2012-03-08 63 views
0

我有以下節點比較XPath列表以找到離其他節點最近的列表?

"/html[1]/body[1]/div[1]/div[1]/div[3]/div[1]/div[7]/p[1]/#text[1]" 

我怎樣才能弄清楚,這些最後一個是最接近的一個?

"/html[1]/body[1]/div[1]/div[1]/div[3]/div[1]/div[4]/div[1]/img[1]" 
"/html[1]/body[1]/div[1]/div[1]/div[3]/div[1]/div[4]/div[3]/a[1]/img[1]" 
"/html[1]/body[1]/div[1]/div[1]/div[3]/div[1]/div[4]/div[3]/a[2]/img[1]" 
"/html[1]/body[1]/div[1]/div[1]/div[3]/div[1]/div[4]/div[5]/img[1]" 
"/html[1]/body[1]/div[1]/div[1]/div[3]/div[1]/div[5]/div[1]/img[1]" 

它並不一定是最後一個。

這裏是我如何到達那裏:

protected string GuessThumbnail(HtmlDocument document) 
{ 
    HtmlNode root = document.DocumentNode; 
    IEnumerable<string> result = new List<string>(); 

    HtmlNode description = root.SelectSingleNode(DescriptionPredictiveXPath); 
    if (description != null) // in this case, we predict relevant images are the ones closest to the description text node. 
    { 
     HtmlNode node = description.ParentNode; 
     while (node != null) 
     { 
      string path = string.Concat(node.XPath, ImageXPath); 
      node = node.ParentNode; 
      IEnumerable<HtmlNode> nodes = root.SelectNodesOrEmpty(path); 

      // find the image tag that's closest to the text node. 
      if (nodes.Any()) 
      { 
       var xpaths = nodes.Select(n => n.XPath); 
       xpaths.ToList(); 

       // return closest 
      } 
     } 
    } 
    // figure some other way to do it 

    throw new NotImplementedException(); 
} 
+0

你的意思最接近的是如何接近它是文檔結構目標元素內? – JamieSee 2012-03-08 17:56:01

+0

是的,就是這樣。
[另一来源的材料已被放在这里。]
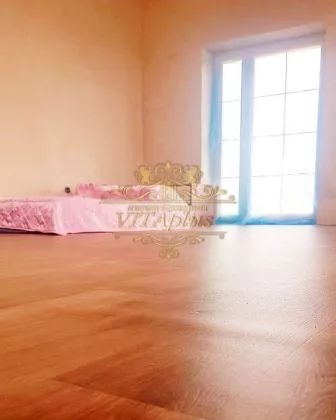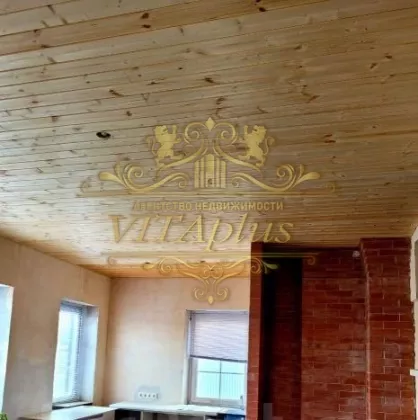 1 этаж оштукатурен под чистовую отделку,установлен потолок,полтелен пол.
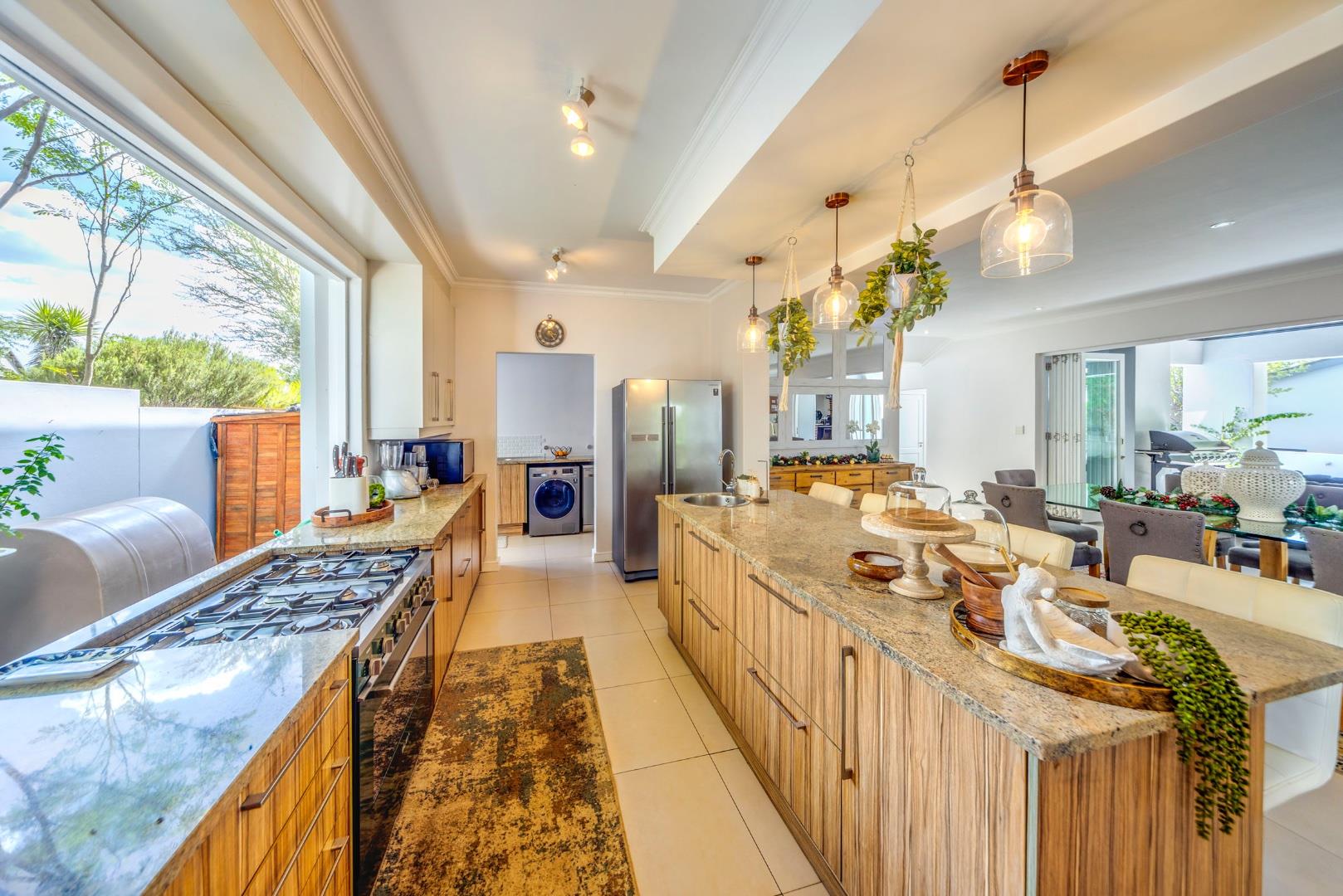 The open-plan layout on the ground floor is designed for seamless living and entertaining. The dining area flows effortlessly into a state-of-the-art kitchen, which boasts a unique feature, a large stacking window that opens completely, inviting light and fresh air into the space and the kitchen has a seperate scullery.

我想知道'div [7]'比'div [5]'更接近'div [4]',如果有多個'div [5]',那麼檢查下一層,等等直到找到最接近的元素。 – bevacqua 2012-03-08 17:59:12

+0

您的代碼是否使用CodePlex的Html Agility Pack? – JamieSee 2012-03-08 18:27:57

回答

0

難道這樣的:

protected string GuessThumbnail(HtmlDocument document) 
    { 
     HtmlNode root = document.DocumentNode; 
     HtmlNode description = root.SelectSingleNode(DescriptionPredictiveXPath); 

     if (description != null) 
     { 
      // in this case, we predict relevant images are the ones closest to the description text node. 
      HtmlNode parent = description.ParentNode; 
      while (parent != null) 
      { 
       string path = string.Concat(parent.XPath, ImageXPath); 
       IList<HtmlNode> images = root.SelectNodesOrEmpty(path).ToList(); 

       // find the image tag that's closest to the text node. 
       if (images.Any()) 
       { 
        HtmlNode descriptionOutermost = description.ParentNodeUntil(parent); // get the first child towards the description from the parent node. 
        int descriptionIndex = descriptionOutermost.GetIndex(); // get the index of the description's outermost element. 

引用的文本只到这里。